[Task]
Reproduce from the records below, with no pictures, exactly the lines between the one containing "On August 8, 2022, the" and the one containing "La tente Bubble", inclusive.

[Dataset records]
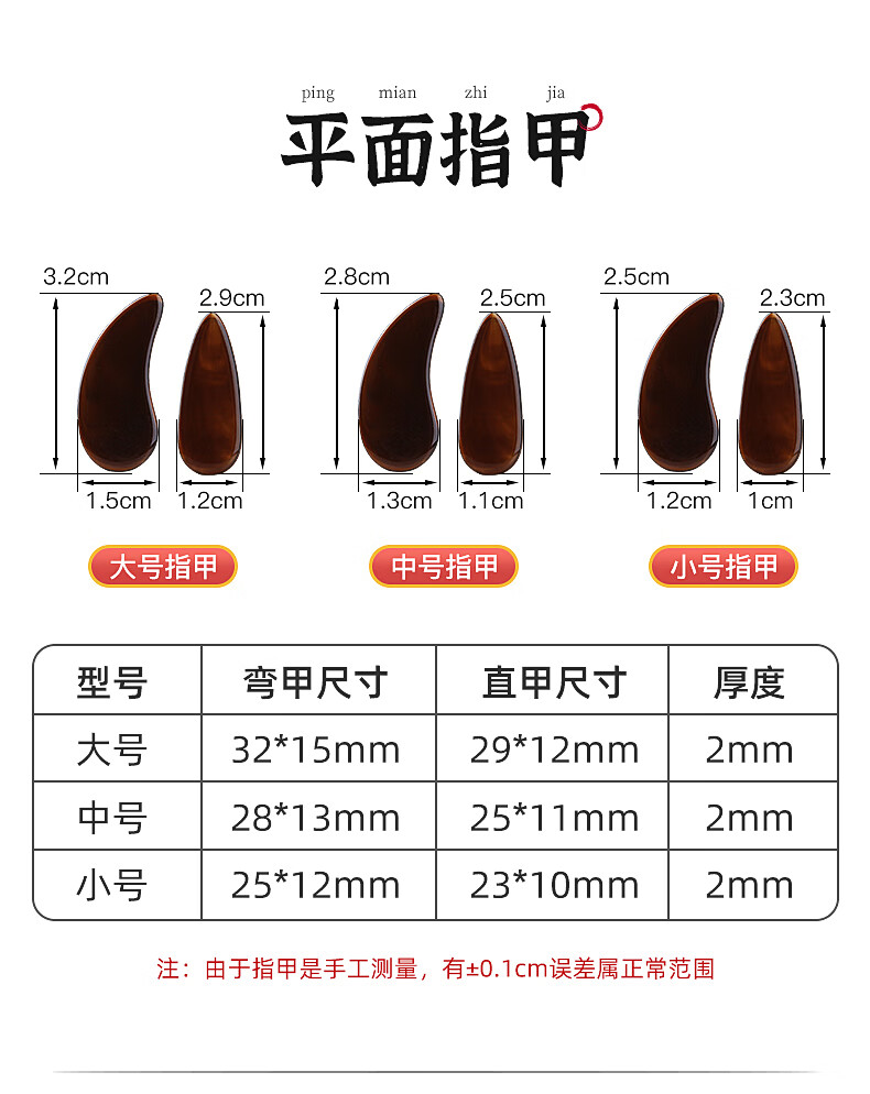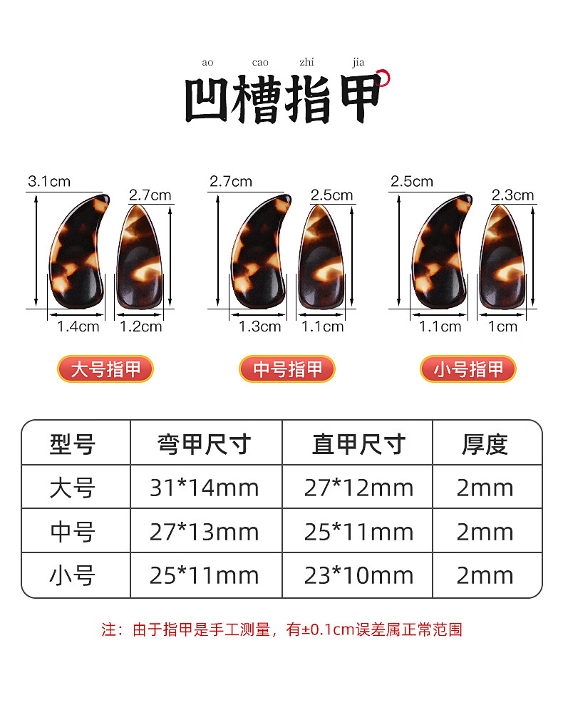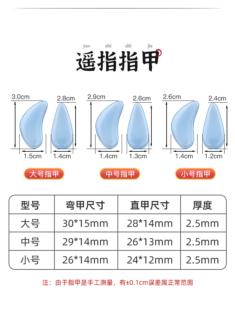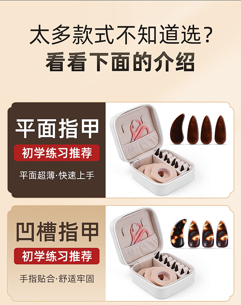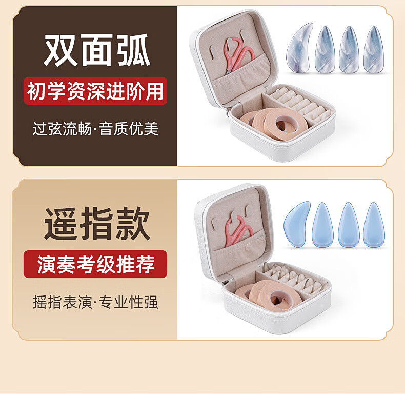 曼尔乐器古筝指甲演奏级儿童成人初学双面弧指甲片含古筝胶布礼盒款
* * *
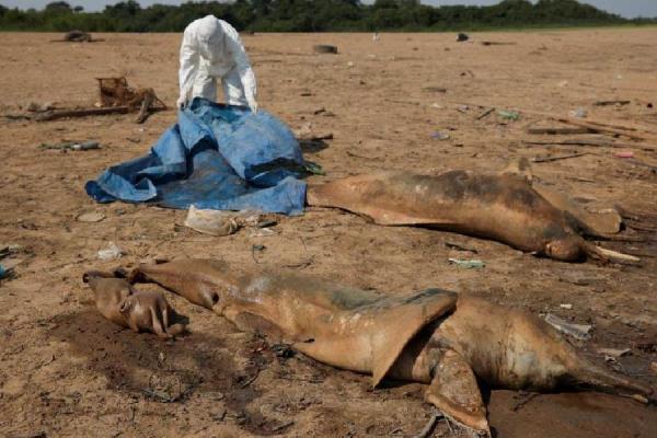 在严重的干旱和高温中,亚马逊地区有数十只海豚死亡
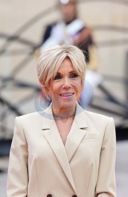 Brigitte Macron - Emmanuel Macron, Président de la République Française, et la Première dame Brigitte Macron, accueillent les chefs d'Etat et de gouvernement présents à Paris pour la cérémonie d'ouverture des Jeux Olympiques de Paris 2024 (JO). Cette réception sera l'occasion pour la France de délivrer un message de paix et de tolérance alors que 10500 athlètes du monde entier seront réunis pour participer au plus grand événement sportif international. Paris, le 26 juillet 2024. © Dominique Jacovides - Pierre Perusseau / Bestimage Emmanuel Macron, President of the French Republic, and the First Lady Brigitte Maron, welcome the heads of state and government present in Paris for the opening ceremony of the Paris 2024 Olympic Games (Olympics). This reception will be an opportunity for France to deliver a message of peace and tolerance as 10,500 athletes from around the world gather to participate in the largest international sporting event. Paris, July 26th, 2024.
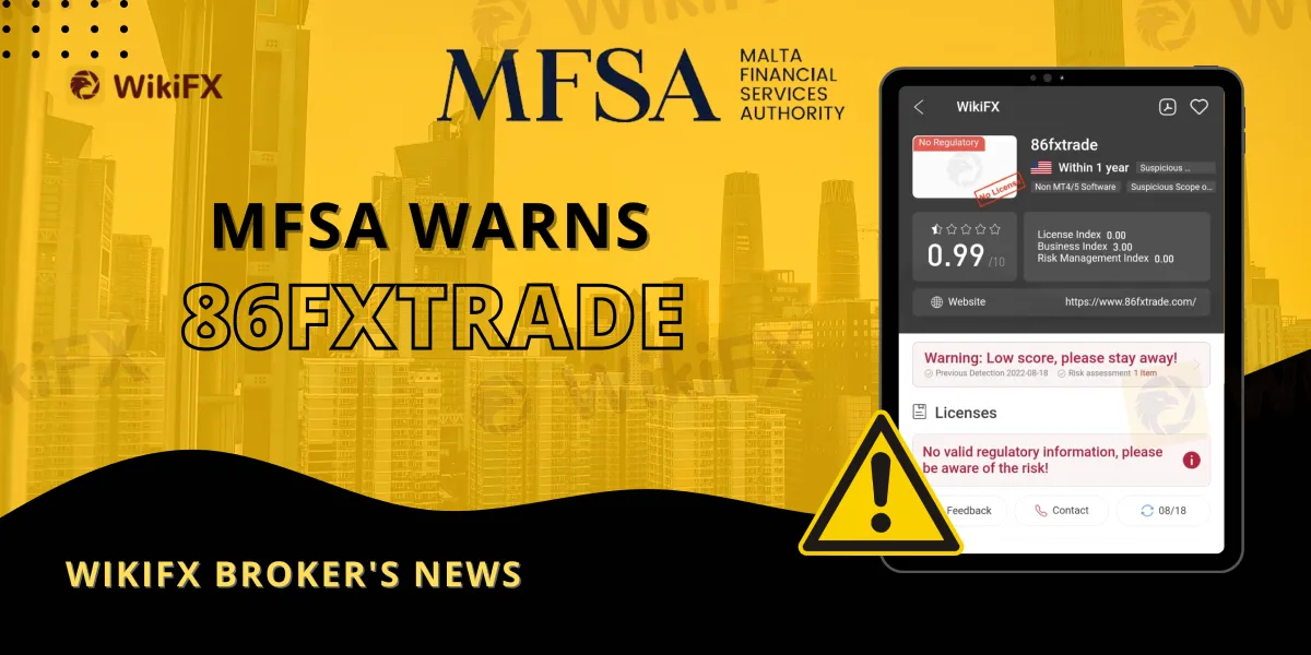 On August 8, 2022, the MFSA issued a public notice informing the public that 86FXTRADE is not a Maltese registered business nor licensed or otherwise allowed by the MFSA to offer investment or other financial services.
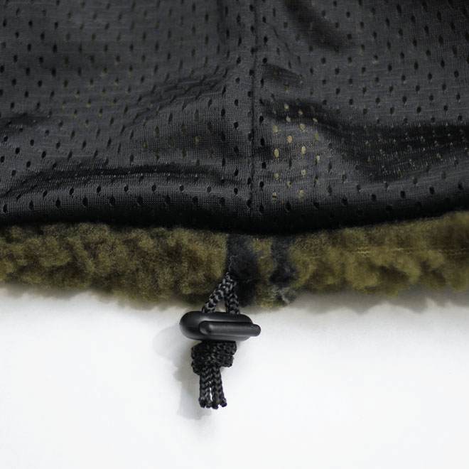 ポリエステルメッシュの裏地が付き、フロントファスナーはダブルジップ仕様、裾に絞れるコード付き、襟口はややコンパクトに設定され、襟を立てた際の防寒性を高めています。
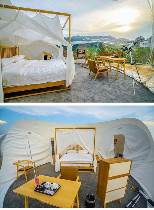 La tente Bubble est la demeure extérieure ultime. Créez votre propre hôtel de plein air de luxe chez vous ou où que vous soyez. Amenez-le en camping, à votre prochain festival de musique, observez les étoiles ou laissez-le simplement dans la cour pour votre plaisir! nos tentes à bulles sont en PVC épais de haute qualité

[Expected answer]
 On August 8, 2022, the MFSA issued a public notice informing the public that 86FXTRADE is not a Maltese registered business nor licensed or otherwise allowed by the MFSA to offer investment or other financial services.
 ポリエステルメッシュの裏地が付き、フロントファスナーはダブルジップ仕様、裾に絞れるコード付き、襟口はややコンパクトに設定され、襟を立てた際の防寒性を高めています。
 La tente Bubble est la demeure extérieure ultime. Créez votre propre hôtel de plein air de luxe chez vous ou où que vous soyez. Amenez-le en camping, à votre prochain festival de musique, observez les étoiles ou laissez-le simplement dans la cour pour votre plaisir! nos tentes à bulles sont en PVC épais de haute qualité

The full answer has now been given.